Treacher Syndrome is a very rare cranio-facial condition that effects 1 in 50,000 births in the USA alone and sadly there is no way of knowing if your child is going to have it until the day of birth. This is one very little brave boys story, please meet Nathaniel.

As luck would have it, one beautiful night whilst out walking along the beach, both Magda and Russel would meet by chance, and shortly after marry. As with most young parents, the desire to add to their family came some three years later when Magda announced to Russel she was pregnant with their first child.

It is nearly midnight in a hospital in Manhattan where nurses in the delivery ward are urging one of the expectant mothers to keep trying, keep pushing. Magda Newman and her husband Russel have been in labour for hours. The endless waiting nearly just as agonising as the physical pain she is enduring.

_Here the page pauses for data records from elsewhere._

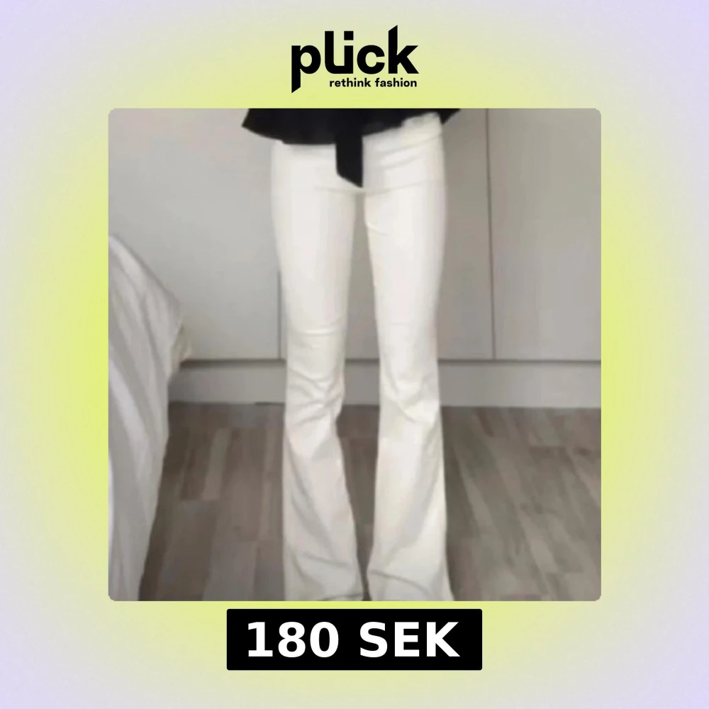 Säljer ett par vita bootcut jeans med låg midja. I strl 170 men sitter som vanliga XS. För långa så uppklippta så de passar mig som är 164.
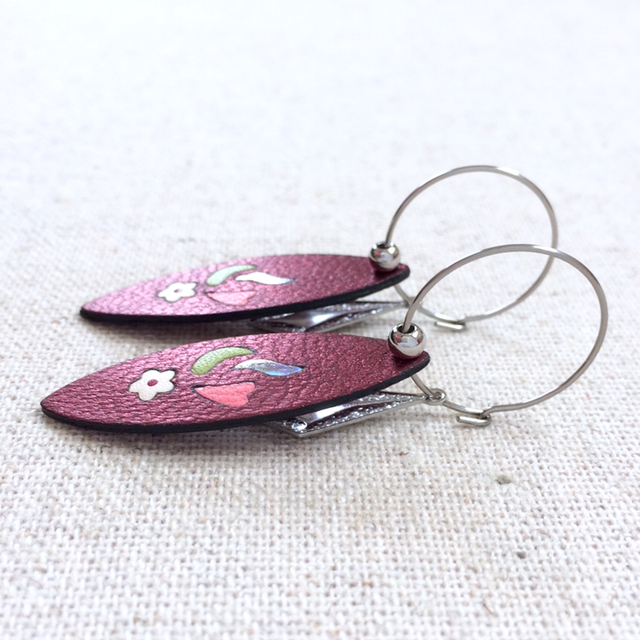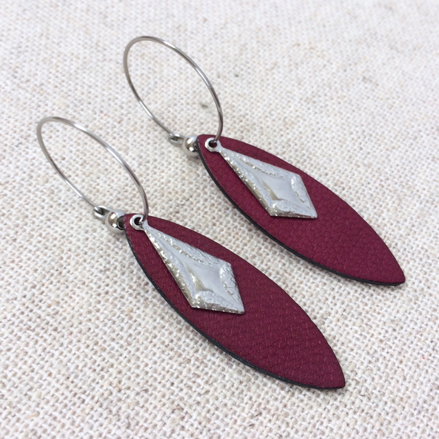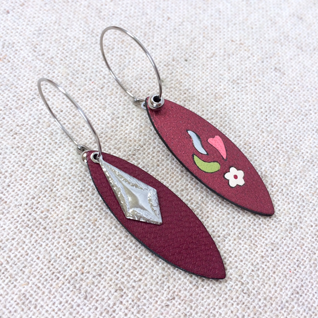 Boucles d’oreilles « Majeur » argentées, réversibles, cuir framboise marqueté et bordeaux
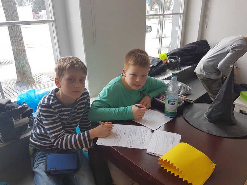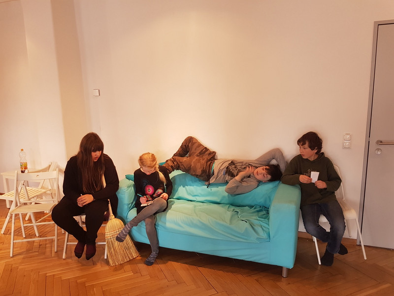 Vivien: "Heute haben wir lange, lange geprobt. Wir hatten auch Spaß. Heute früh haben wir ein Spiel gespielt, das heißt das Kotzende Känguru. Gleich kommt Steffen, er ist ein Schauspieler und Regisseur. Heute war es toll! Morgen ist die Aufführung. Ich freue mich schon!"
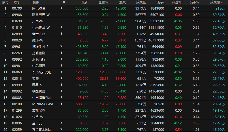 盘面上,大型科技股全线下跌拖累市场情绪低迷,美团、网易跌超4%,百度、腾讯控股跌超2%,快手、小米、京东、阿里巴巴皆有跌幅;内银股、中资券商股、保险股等大金融多数下跌令大市进一步承压;餐饮股走低,九毛九跌超5%,权重股海底捞跌超3%;影视股低迷,英皇文化产业跌近6%;啤酒股、旅游及观光、手游股、云计算、生物医药股等下跌。
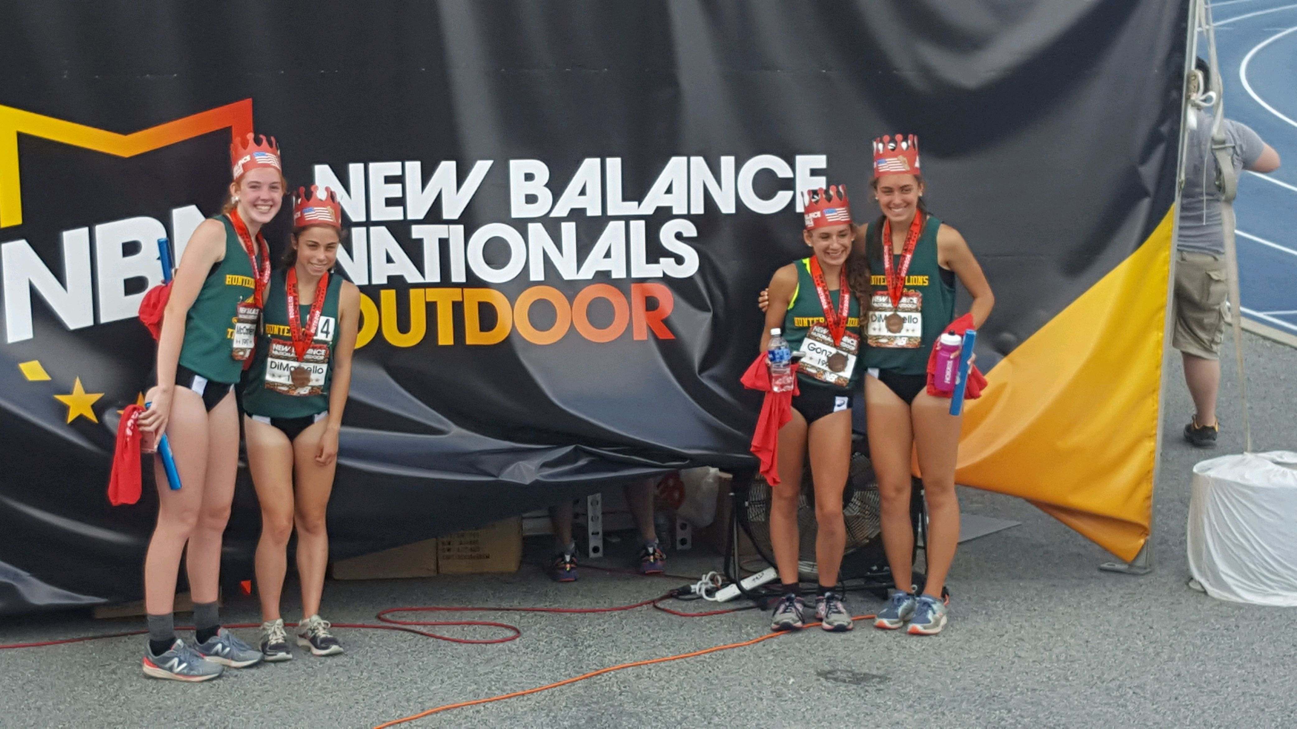Girls 4xMile. All American status. 4th Place New Balance Outdoor National Championships. Anna DiMarcello, Chloe Gonzalez, Kelley McCarten, and Ellie DiMarcello.
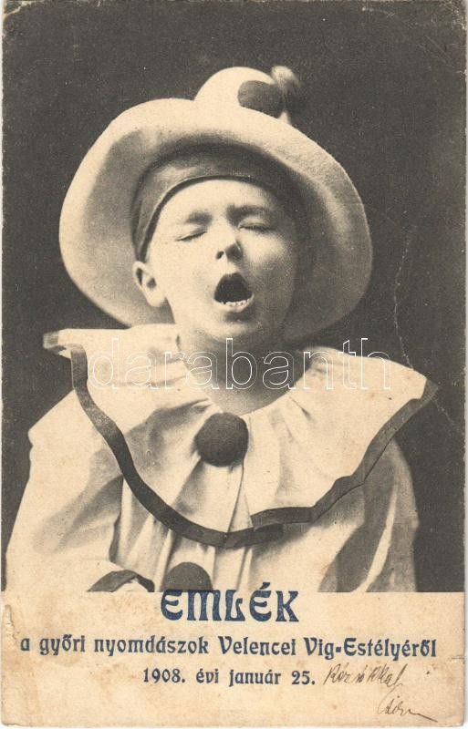1908 Győr, Emlék a győri nyomdászok Velencei Víg-Estélyéről január 25-én. Bohóc kisfiú, reklám (ázott sarok / wet corner)

Magda and Russel were both concerned, the delivery was taking far too long. The doctor just kept putting it down to it being her first delivery and that she wasn’t pushing hard enough. When the child inside her started showing signs of distress, the doctors made an on the spot decision to do a caesarean.

Once the child was delivered, life for both these parents, would change forever.

Russel’s first thought after seeing his new born son was that he didn’t even look like a human being. A crushing blow to a dream of parenthood that itself had only been born some three years earlier. Magda had a seemingly trouble free pregnancy. Magda was 24 years old, she appeared in the best of health, so why would doctors have reason for concern. She was in the ultimate low risk pregnancy category, so no extra testing was required. Her later diagnosis did not show up on any of Magda’s pre-natal scans – a common occurrence in cases of Treacher Collins.

Back in the operating room after 17 hours of labour, happiness turns to despair and horror. Russel doesn’t recall fainting, but he certainly recalls screaming at the top of his voice “oh my god, oh my god”. Still unaware of what is happening, Magda began reading peoples facial expressions, and knew something was majorly wrong. The baby was removed and immediately taken to another room. Magda at this stage watched as 20 or so people ran into the room. She feared the worst as she still hadn’t heard the baby cry. Her continued questions “Is he alive?, What is wrong? I want to see my baby?” go unanswered by hospital staff. They didn’t want to show her, her own baby.

Russel recalls Nathanial had no distinctive cheek bones, no upper or lower eyelids. He also had no eye sockets, ears, and had a severely undeveloped jaw. His face was totally disfigured and even more terrifying, Nathanial is not breathing. Magda is at this stage was left in the delivery room as doctors frantically try to save the baby’s life. His nasal passageway is nearly solid bone and his airway is so narrow it was like trying to breathe through a soda straw. Eating would also become problematic. Regardless of all the negatives, one positive would remain, Nathaniel’s brain function was completely unaffected.

Whilst this was all going on, a doctor called Russel out of the operating room and began to flick through an old book, written in the 60’s with black and white pictures. He recalls looking at the pictures of teenage children with Treacher Collins Syndrome, thinking to himself “that is what my child is going to look like”.

After officially naming their child Nathanial, they made contact with the Institute of Reconstructive Plastic Surgery at NYU Langone Medical Centre, a leading hospital working with children with this rare condition. Russel leaves a message and within hours receives a call back. The person on the other end of the phone was Shelly Cohen a speech and language therapist who immediately says “Hey, Mr. Newman, You had a baby boy, I heard. That’s wonderful.”

This was the first time the new parents had been congratulated on their son’s birth. Russel recalls thinking “are you freaking nuts?”. People were still in shock, paralysed in their own bodies, not knowing what to do next. Shelly told Russel that his son was going to live a long, healthy, happy, wonderful life and Russel believed every word of it.

Nathanial is transferred to the Neonatal Intensive Care Unit at NCIU and it is here where he will spend the first month of his life. The Newman’s here meet a nurse named Pat Chibbaro. Pat recalls how distraught the parents were. They kept asking when is the surgery going to take place to make this all go away and make their son normal.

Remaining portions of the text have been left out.